Sunday, June 7, 2009

I've got an imaginary soap box

I've got an imaginary soap box, and I'm going to use it.

One of the arguments that I hear used as justification for defining marriage as "one man and one woman" is that the whole purpose for marriage is the production of, care of, and setting a good example for offspring. That particular argument gets my fracking goat in a much bigger way than people who argue based on their religious beliefs.

Religious beliefs are all well and good, but I'm talking about the government and legal rights here. And people who use the argument that procreation is the foundation of marriage are often doing so to appeal to people they know aren't going to buy into the religion argument.

I've got gay friends who are raising children without the benefit of the legal rights a marriage license would provide. Surely, under the "marriage is for the family/children argument", they have more right to legal marriage than I do.

Some of my gay friends who have children were married during the all-too-brief window when marriage licenses were available to homosexual couples in California. Some states now recognize their marriages. Some states don't. Some never did. Mommy and Mommy - or Daddy and Daddy - are married in part of our country but not in other parts. What does that say to their children about the importance of the institution of marriage? Seems to me that if we really valued marriage as a civil institution, it would be too important to allow it to be tainted by discrimination. *

To take the argument to an extreme, if society's need for bearing of and providing a stable environment for children is the whole reason for marriage, I suppose I should have divorced my Mister as soon as I was medically no longer capable of producing a child. Here he is, still of suitable breeding age, and legally bound to a woman who can't validate the union by bearing him any babies. What kind of a marriage is that? Surely I should be ashamed of myself as a citizen, since I'm preventing him from contributing to the population, as is his duty to the nation, and to his genetic line.

At very least, I suppose, we should all be forced to sign an agreement to either breed or adopt within [X] time period, in order to qualify for a marriage license. And if that sounds ridiculous to you, let me say that denying loving gay couples the legal protections for their union that straight couples are allowed seems equally as ridiculous to me.

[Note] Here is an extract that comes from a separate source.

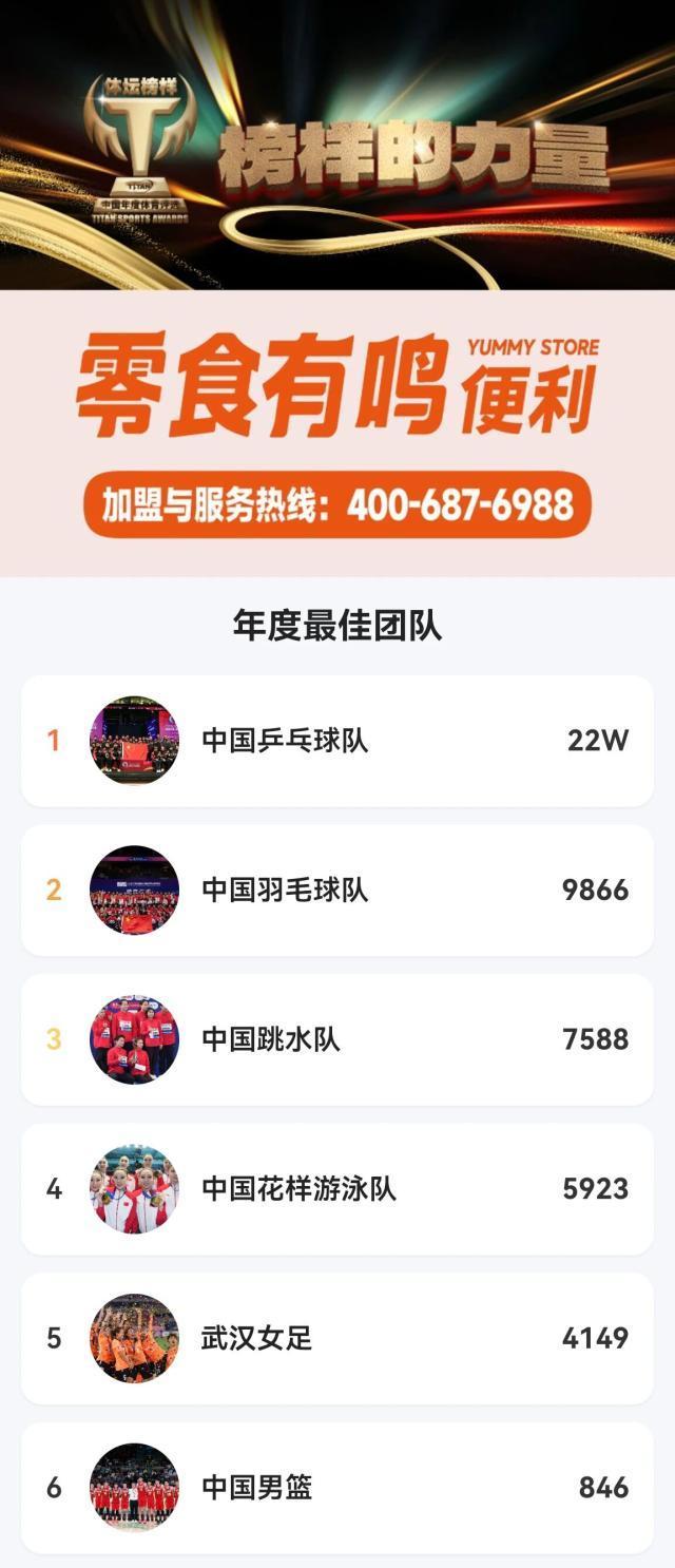 大衆評選年度最佳團隊評選結果凸顯了“國球”的深厚根基——中國乒乓球隊以22萬票遙遙領先,中國羽毛球隊以9,866票位居次席,中國跳水隊以7,588票名列第三。這三支隊伍不僅在國際賽場上屢創佳績,更在公衆心中樹立起頑強拼搏、團結協作的團隊形象。

*Remember, I don't care if your religion recognizes their marriages (or mine for that matter) as valid. Our government currently regulates marriages. Arguing about semantics just delays the correction of an injustice. It is just not going to happen that you're going to "get government out of the marriage business" any time in the foreseeable future. So lets focus on what we do have - which is marriage licenses - and get us a step closer to that dream of "liberty and justice for all". Legalize those marriage licenses for gay couples - just as they're legal for elderly straight couples; 80 year old men marrying 20 year old women couples; straight couples who don't intend to have children; straight couples who are obviously headed for divorce but they're getting married anyway; and myriad other sets of straight couples who don't fit the profile of the perfectly mated breeding pair of conformist citizens.